MINI Plant Oxford uses state-of-the-art, high-end robots and welding guns, with integrated/adaptive controls for all spot welds — so it has no issues regarding poor quality, undersized, or low-strength welds. The only remaining issue is weld splash.
In the on-going study, data analysis is used to identify:
- Weld expulsion occurrences
- Their root causes
- Data patterns for each root cause
To inform production engineers of appropriate corrective actions.
Initial corrective measures for weld splash
- Reducing the weld gun air pressure, which was originally and intentionally “over-pressured” in the mistaken belief that overpressure would compensate for the differences in distances from the air supply to the weld gun. Lowering the air pressure, it turns out, better equalized the pressure rate for all weld guns, reducing weld expulsions while reducing air supply energy costs by 25%.

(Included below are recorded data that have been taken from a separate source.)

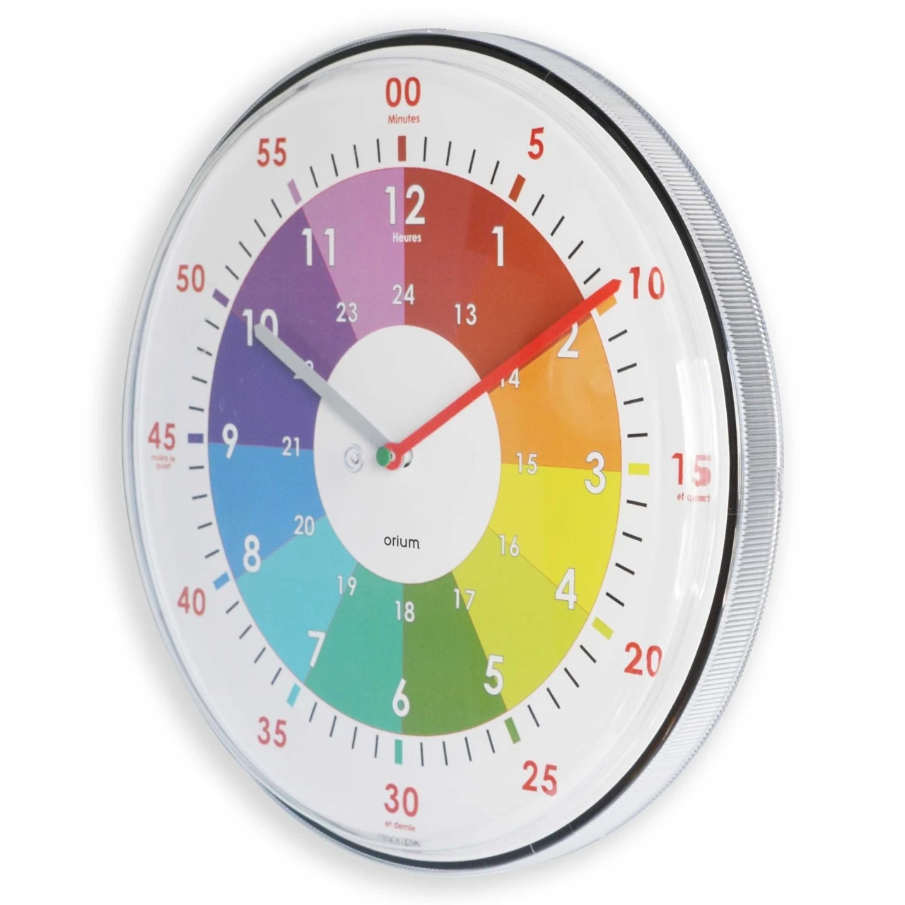 D’un style gai et ludique, cette pendule murale pour enfants apprendra Ă lire l’heure Ă vos bout’choux avec pĂ©dagogie et dĂ©corera leur chambre tout en couleurs !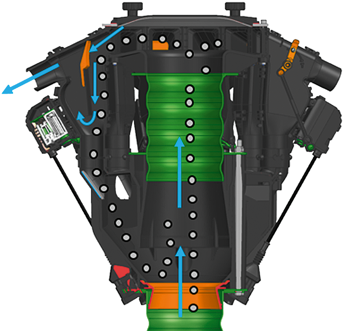 Per Dosierwalze in der Gebereinheit wird der Dünger per Luftstrom vom zentralen Behälter in den Verteilerkopf transportiert. Von hier erfolgt der Transport zu dem einzelnen FerTeC twin HD-Düngerschar, um schließlich als Unterfußdüngung im Düngerband in den Boden eingebracht zu werden.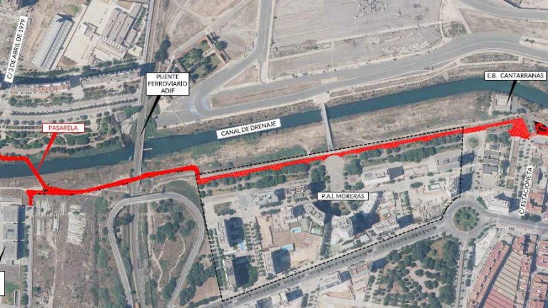En el margen derecho del antiguo cauce, el camino continuará por la zona que atraviesan las vías de ferrocarril que cruzan las vías de la Serradora, “que están pendientes de un proyecto estatal para soterrarlas”. Pasará por debajo del puente ferroviario a través de un paso inferior existente que se acondicionará para mejorar su accesibilidad y su integración ambiental y, seguidamente, por el PAI de les Moreres, hasta el edificio de Canta-ranes, donde se bifurcará en un itinerario ciclista y otro peatonal, el primero por la calle de l´Estacioneta y el segundo por el borde oeste del Puente de Astilleros.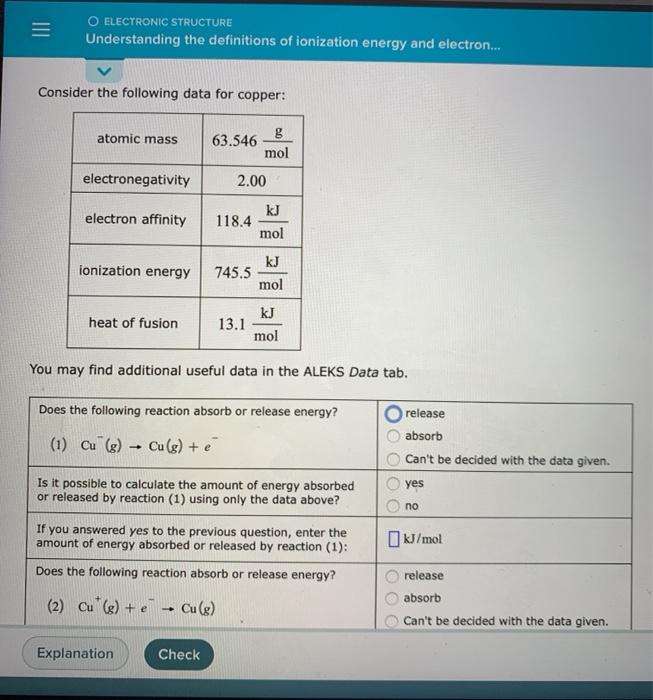 Oneclass I Www Awa Aleks Com O Electronic Structure Understanding The Definitions Of Ionization E

- Monitoring cooling water flow to the weld guns to discover blockages or drops in flow levels. Disruptions to the cooling water flow caused the welding electrodes to overheat and experience excessive electrode wear — leading to weld splash.
- Welding process data analysis of welding voltage, welding current, welding force, and measured resistance, which was then correlated to the welding robots having the highest occurrence of weld expulsions.
Additional weld expulsion factors found by data analysis
Then TWI and BMW performed a data analysis of the remaining weld expulsions to determine their leading factors:
- Panel mismatch: including poor part shape and springback, but also issues such as parts being pushed out of position by other parts.
- Effect of gaps: for higher strength and thicker components — or ones with three or four sheet stack-ups — gaps between panels can destabilize the welding process, leading to weld expulsion.
- Electrode edge distance: panel mismatch can cause the welding electrode to be too near to the edge of a panel, causing the welding zone to “break out” of the panel edge — with heavy expulsion as the result.
- Poor weld spot orientation: caused by panel mismatch or shape defect and resulting in the electrode being other than its ideal 90-degree orientation. This situation leads to weld expulsion, as well as electrode deterioration which, in turn, can cause more expulsions.
- Heavily-worn electrode tips: the amount of zinc alloying on the electrodes influences expulsion rates.
- Poorly-designed water cooling of weld guns: blockages or tight bends in the cooling channels restricted water flow, causing the electrode to overheat and wear out too quickly, leading to weld expulsions.
Determining the importance of each factor in weld splash
TWI then set up a robotic welding cell to simulate the BMW production processes in their own laboratory. They could then identify the process tolerances for each of the above-listed factors to determine the severity of each factor required to cause a weld expulsion.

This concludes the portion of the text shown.